Expert witness wins nearly $400,000 in jury verdict after American Academy of Orthopedic Surgeons published report of its disciplinary action against him for giving improper testimony in a medical negligence case. I’m scratching my head about this whole story.

If you were a Democrat running for re-election, you’d say that New Jersey trial lawyers don’t want patients to receive free medical care. New Jersey trial lawyers mount “fierce opposition” to legislation that would shield doctors from liability when the doctors provide free medical care to patients. The bill failed to pass. See how suing our way to better health care works? Now doctors who might otherwise provide free medical care to indigent patients in New Jersey have less of an incentive to do so.

$31 billion paid in medical malpractice premiums in 2011. Only $6 billion of that money went to compensate patients. The remainder went to attorney’s fees, legal costs, administrative costs, and insurance company profits. Oh, and another $650 billion is estimated to be spent on low yield testing to prevent lawsuits.

7 Responses to “Healthcare Update — 06-27-2012”

  1. midwest woman says:

    Surprised?

  2. Matt says:

    Thoughts:

    “In other words, a lot of people who don’t have a means to pay for their care are going to soon be sent somewhere else.”

    Do people truly not have the means? Cannot even make payments, however small? Is the ED supposed to be free care?

    “I call bullshit on that one.”

    It would be more interesting to know if EMRs reduce the rate of medical malpractice, rather than claims. Only insurers care about claims. Physicians should care about the actual malpractice, most of which never sees a claim files.

    ” Now doctors who might otherwise provide free medical care to indigent patients in New Jersey have less of an incentive to do so.”

    Why should people who give free care be immune for the damages caused if the care is negligent?

    Your stats on your last blurb are not actual numbers. They’re from 2009. The methodology is odd, as it ignores downward trends in payments, actually declining from 2008 to 2009, and at times ignores previous years, but then at other times takes 5 year averages.

  3. Matt says:

    Here’s some more honest information than the enjoyably named “Patients for Fair Compensation” offers. From Medical Liability Monitor:

    http://www.prweb.com/releases/2011/10/prweb8858326.htm

    “According to data from the 2011 Medical Liability Monitor Annual Rate Survey, base-rate premiums for medical professional liability insurance (MPLI) continued their downward trend for a sixth consecutive year, while the MPLI industry had one of its best years in 2010 from a financial perspective, challenging the traditional definition of a soft market.”

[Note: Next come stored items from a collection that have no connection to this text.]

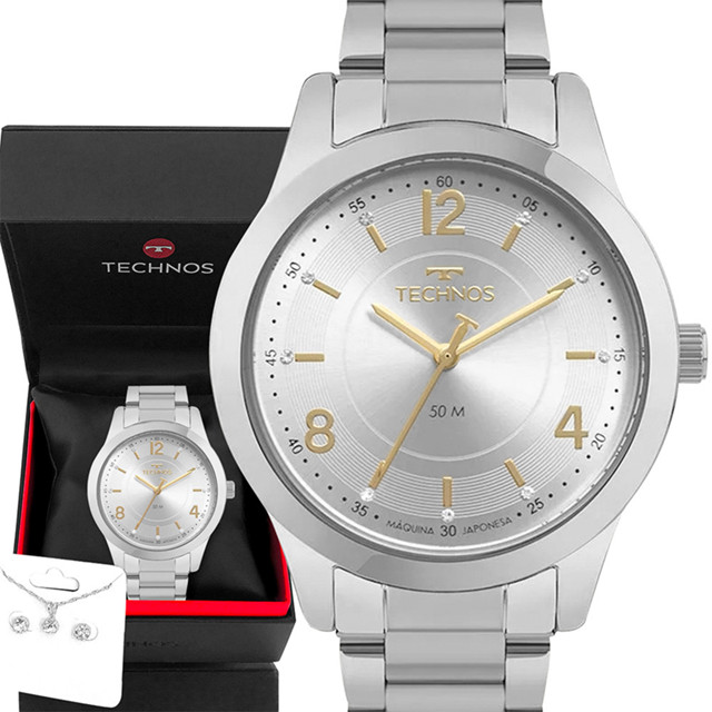 Bem vindo! Procurando um presente perfeito? Encontrou! Dê um lindo kit Technos de presente para você mesmo, ou para alguém querido! *1 ANO DE GARANTIA TECHNOS - Produto com NOTA FISCAL* *ACOMPANHA SEMI JOIAS COLAR E BRINCOS* Atuamos somente com produtos 100% ORIGINAIS! Leve em um especialista de sua região para comprovar. Ficha Técnica PROVA D'ÁGUA: Sim - selo de resistência 5 ATM (resistência até 50 metros de profundidade) MATERIAL DO VIDRO: Cristal mineral resistente a riscos MAQUINÁRIO: Analógico - quartzo - bateria MATERIAL DO RELÓGIO: Aço inoxidável COR DO FUNDO: Prata Medidas TAMANHO DA CAIXA (mostrador): 3,8 cm (38 mm) ESPESSURA DA CAIXA (mostrador): 0,9 cm (9 mm) LARGURA DA PULSEIRA: 1,5 cm (15 mm) CIRCUNFERÊNCIA DA PULSEIRA: 25 cm Acompanha Relógio Technos, colar, par de brincos, caixa original Technos, manual de instruções em português, certificado de garantia e nota fiscal. Nossos produtos são todos tratados com máximo cuidado, profissionalismo e atenção. Enviamos o seu relógio em uma embalagem reforçada, protegida por dentro e por fora. Caso não tenha gostado ou simplesmente se arrependeu, devolva o produto sem preocupações. Você tem 30 dias a partir do recebimento para devolvê-lo. COMPRE COM SEGURANÇA Revendedor autorizado Technos.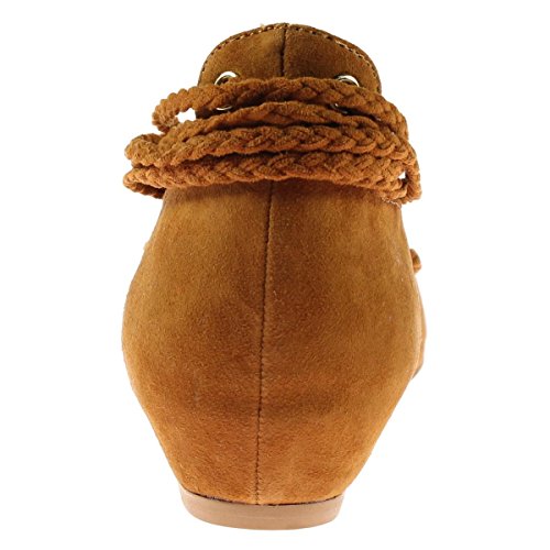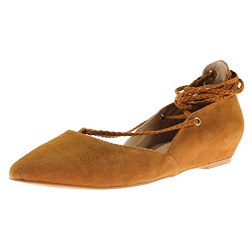 Product DescriptionSuede laced up pointed toe flats with tassels that finish the braided ties0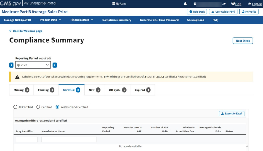 Figure 89: Compliance Summary - Pending Restatement Certification 64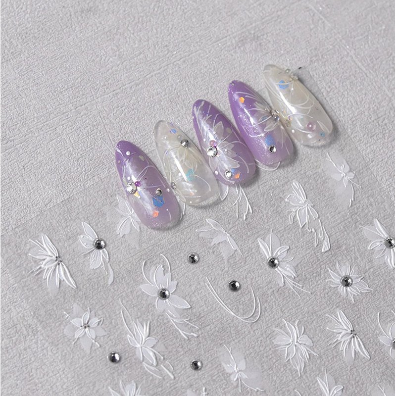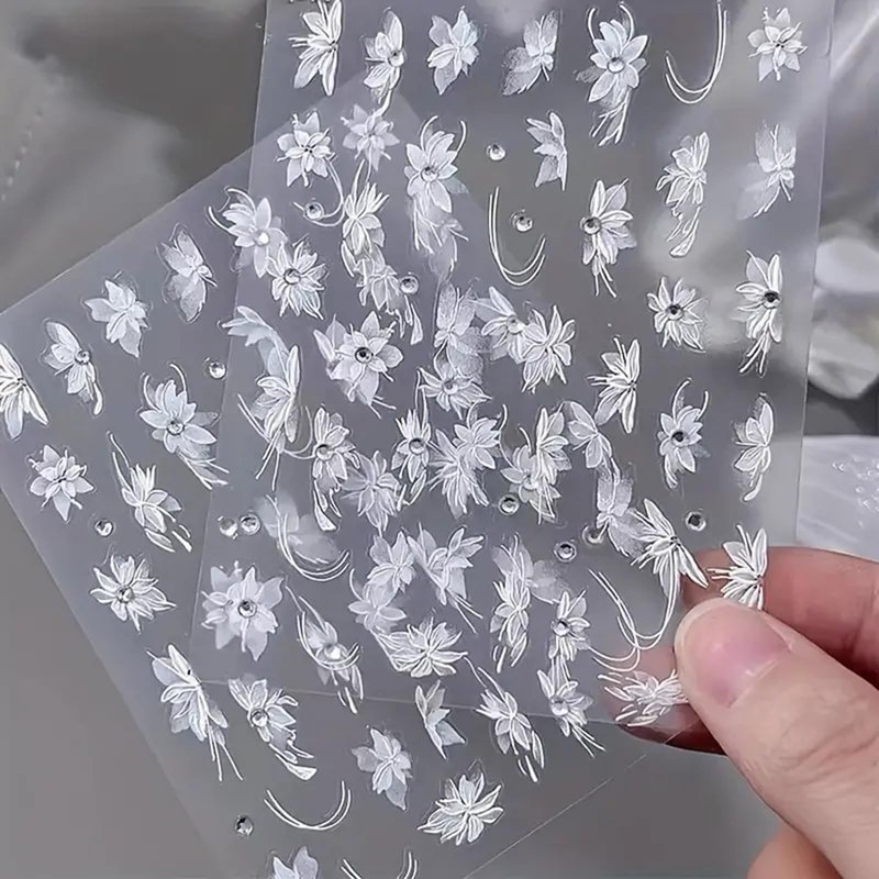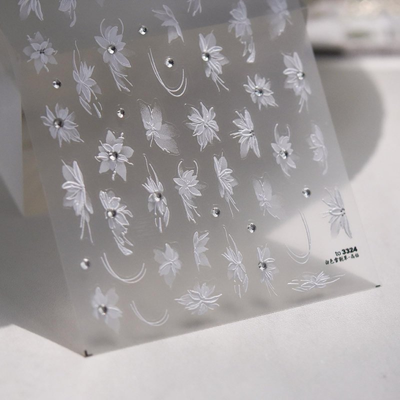 White Flower Nail Art Stickers Decals 5D Embossed Nail Decals Self Adhesive Diamond Flower Nails Stickers Spring Flower Nails Transfer Decals Floral Nails Supplies for Women Nail Art Decorations 1pc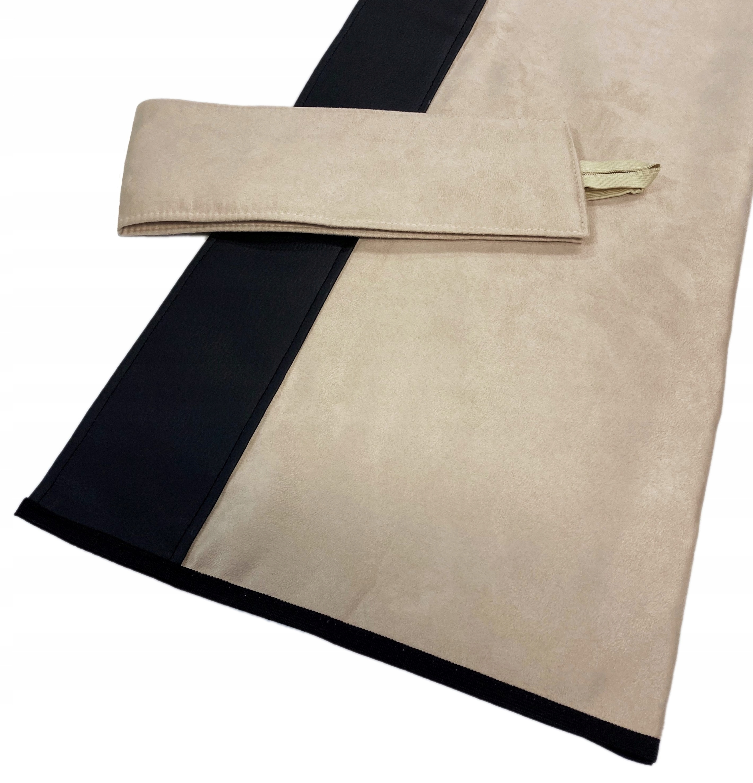 Кожна бічна штора оздоблена кромкою з екошкіри. Ширина краю 9 см. - дивіться фото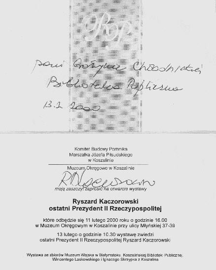 13 lutego w Muzeum Okręgowym w Koszalinie prezentowana była wystawa zbiorów Muzeum Wojska Polskiego w Białymstoku, Koszalińskiej Biblioteki Publicznej, Wincentego Laskowskiego i Ignacego Skrzypka z Koszalina pt.: „RYSZARD KACZOROWSKI ostatni PREZYDENT II RZECZYPOSPOLITEJ”. W uroczystym otwarciu wystawy uczestniczyli Dyrektor Andrzej Ziemiński i Grażyna Chłodnicka - Kierownik Działu Komputeryzacji Procesów Bibliotecznych Koszalińskiej Biblioteki Publicznej.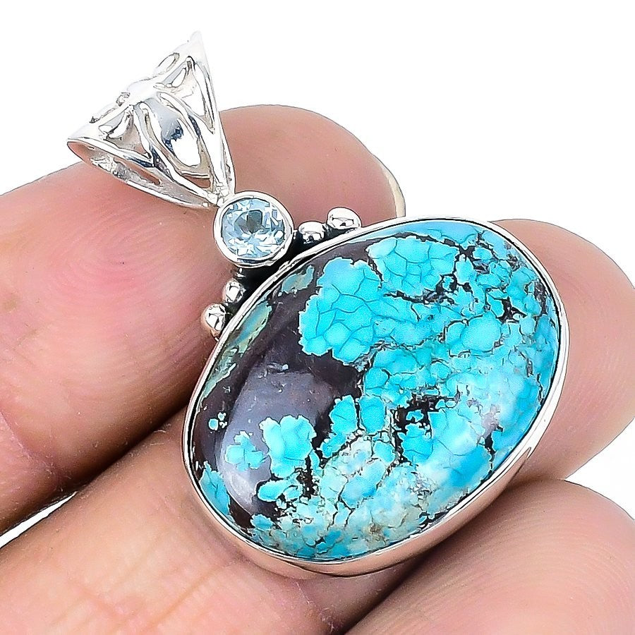 Tibetan Turquoise Stone 925 Silver Sister Best Daughters Gift Art Deco Pendant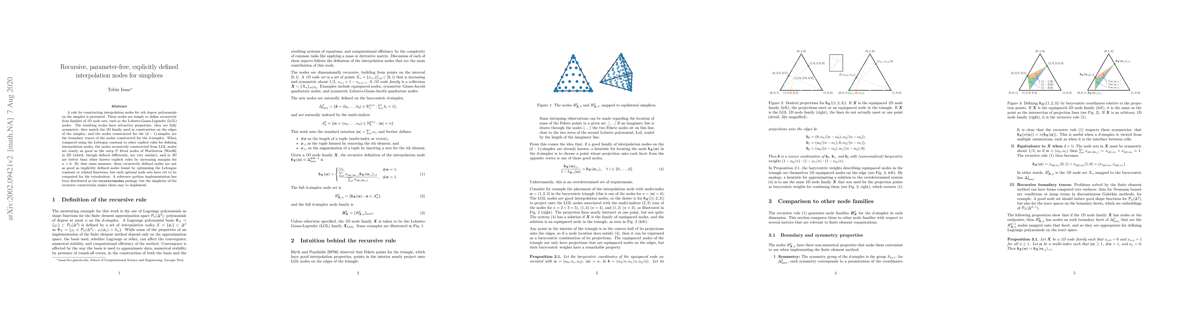 A rule for constructing interpolation nodes for $n$th degree polynomials on the simplex is presented. These nodes are simple to define recursively from families of 1D node sets, such as the Lobatto-Gauss-Legendre (LGL) nodes. The resulting nodes have attractive properties: they are fully symmetric, they match the 1D family used in construction on the edges of the simplex, and the nodes constructed for the $(d-1)$-simplex are the boundary traces of the nodes constructed for the $d$-simplex. When compared using the Lebesgue constant to other explicit rules for defining interpolation nodes, the nodes recursively constructed from LGL nodes are nearly as good as the "warp & blend" nodes of Warburton in 2D (which, though defined differently, are very similar), and in 3D are better than other known explicit rules by increasing margins for $n > 6$. By that same measure, these recursively defined nodes are not as good as implicitly defined nodes found by optimizing the Lebesgue constant or related functions, but such optimal node sets have yet to be computed for the tetrahedron. A reference python implementation has been distributed as the `recursivenodes` package, but the simplicity of the recursive construction makes them easy to implement.
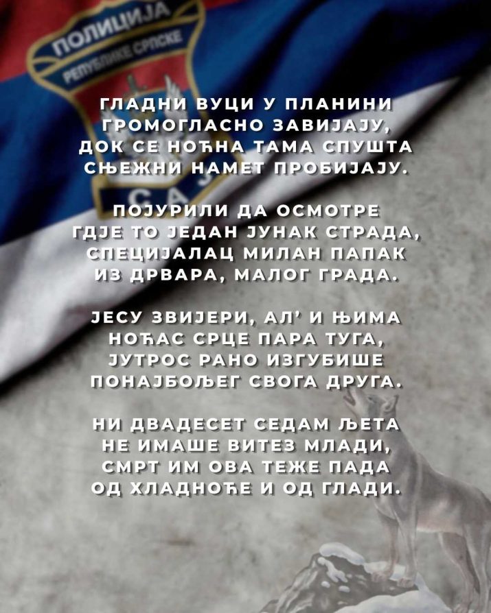 Iz MUP-a RS poručili su da će Milan Papak ostati upamćen kao predan kolega i čovjek.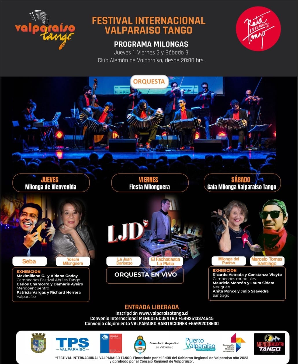 Todas las actividades del FESTIVAL VALPARAISO TANGO, son liberadas, para las clases no requiere inscripcion previa, para el teatro Municipal, las puedes retirar en boletería a contar del 20/1/24, para las milongas inscripcion en www.valparaisotango.cl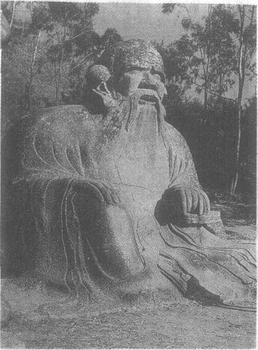 | 释义 | 石雕老君坐像南宋。高550厘米。福建省泉州市北清源山右峰罗山、武山下羽仙岩造像。花岗岩质。老君额头凸起,大耳如勾,身着宽袖大袍,足穿卷头履,右肘拄几,左手抚膝,身微右倾,端坐地上。其双目凹陷,颧骨凸突,长髯垂散胸前,张着嘴似在喃喃而语,一副饱经风霜泰然自若的神态,予人以崇敬感。此尊造像巨大,刀法圆熟,比例适度,雕刻细致,形神兼备,堪称宋代道教石雕艺术精品。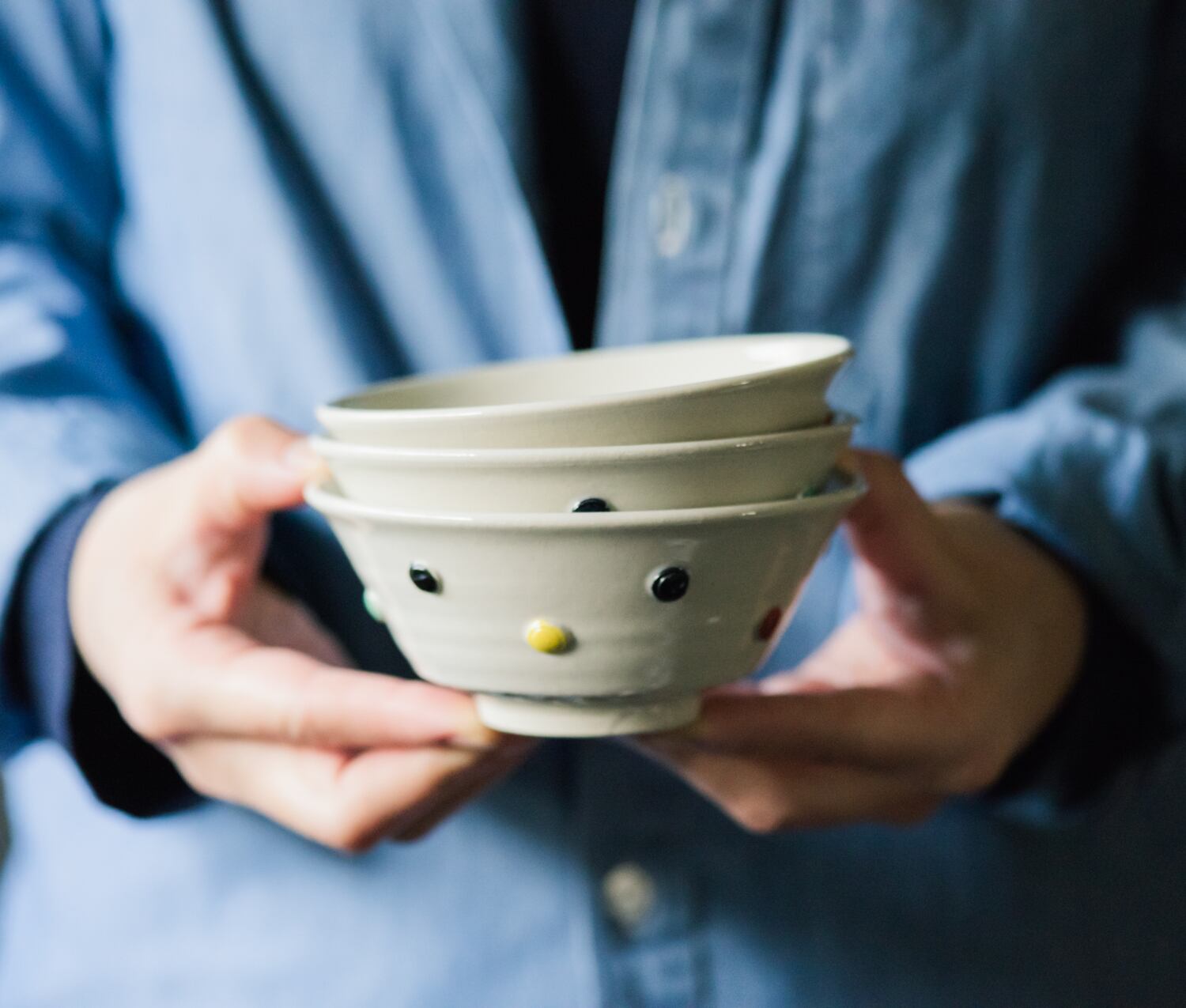 マーブルチョコのようなカラフルな色絵の飯碗。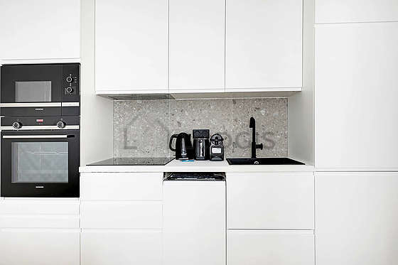Este apartamento posee una magnífica cocinay todo el equipamiento indispensable para su vida diaria : placas eléctricas, refrigerador, congelador, horno, micro ondas, campana extractora, tostador, hervidor, cafetera.
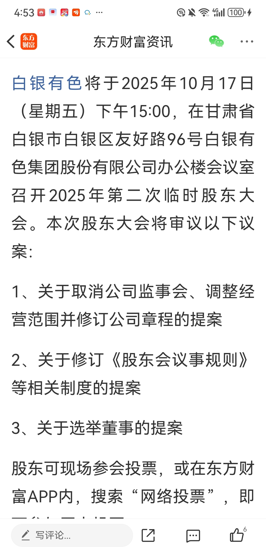 $白银有色(SH601212)$ 这是什么情况,取消监事会,调整经营范围,选举公司董事,这是要干什么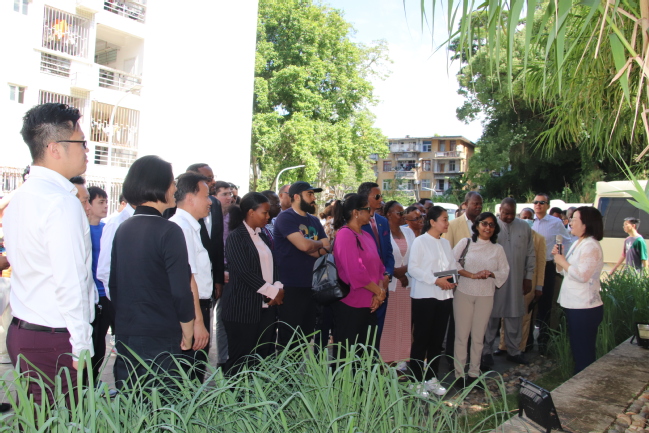 代表团一行参观了菌草源广场、国际菌草苑、菌草菇棚、菌草产品展示大厅、灵芝加工线等有关生产设施和展示。来访嘉宾详细了解了菌草技术在菌菇种植、菌草饲料、减贫脱困等方面的运用,听取了菌草技术在全球合作情况的介绍。在菌袋生产车间,代表团一行还与正在菌草中心学习菌草技术的发展中国家菌草技术培训班的学员们亲切交流。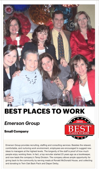 Check out Emerson Group’s photo (click here) in the Philadelphia Business Journal’s Best Places to Work photo slide show of the 2014 winners. We are photo #29!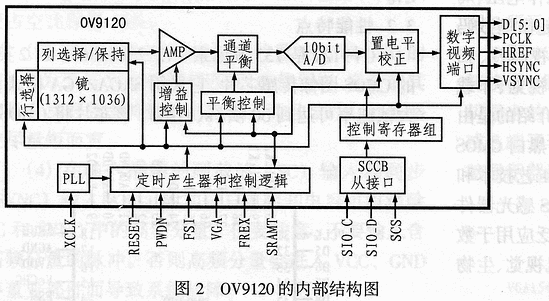 OV9120內(nèi)置1312×1036分辨率的鏡像陣列、10位A/D轉(zhuǎn)換器、可調(diào)視頻窗、SCCE接口、可編程幀速率控制、可編程/自動(dòng)曝光增益控制、內(nèi)外幀同步、亮度均衡計(jì)數(shù)器、數(shù)字視頻端口、定時(shí)產(chǎn)生器、黑電平校準(zhǔn)及白平衡控制等電路。其內(nèi)部結(jié)構(gòu)如圖2所示。

    We can expect a new round of calls of a crisis though, as insurers are going to be squeezed chasing ever declining premium dollars as more physicians move to larger, self insured groups or to hospital employment where the hospital has a stronger ability to negotiate premiums than the individual physician. You heard it here first – there will be a “crisis” by 2014, and the past 5 years of extreme insurer profitability will not be mentioned.

    • RSDS says:

      “more physicians move to larger, self insured groups or to hospital employment where the hospital has a stronger ability to negotiate premiums than the individual physician. ”

      The physicians of our local clinic recently sold their practice to our local hospital, for better financial management. The two are connected by a hallway.

  4. girlvet says:

    I am shocked by supreme court decision.

    • Close says:

      The supreme court opinion is very nuanced and you need to read it carefully to understand how the individual mandate was unconstitutional under certain clauses but saved by being construed as a tax.

  5. eqvet2015 says:

    Is there any evidence that ketorolac by any route is less ulcerogenic than other non-selective NSAID’s? I thought NSAID’s primarily cause GI ulceration through absorption and systemic inhibition of COX-1, decrease of prostaglandin production, etc., not local irritation – am I wrong?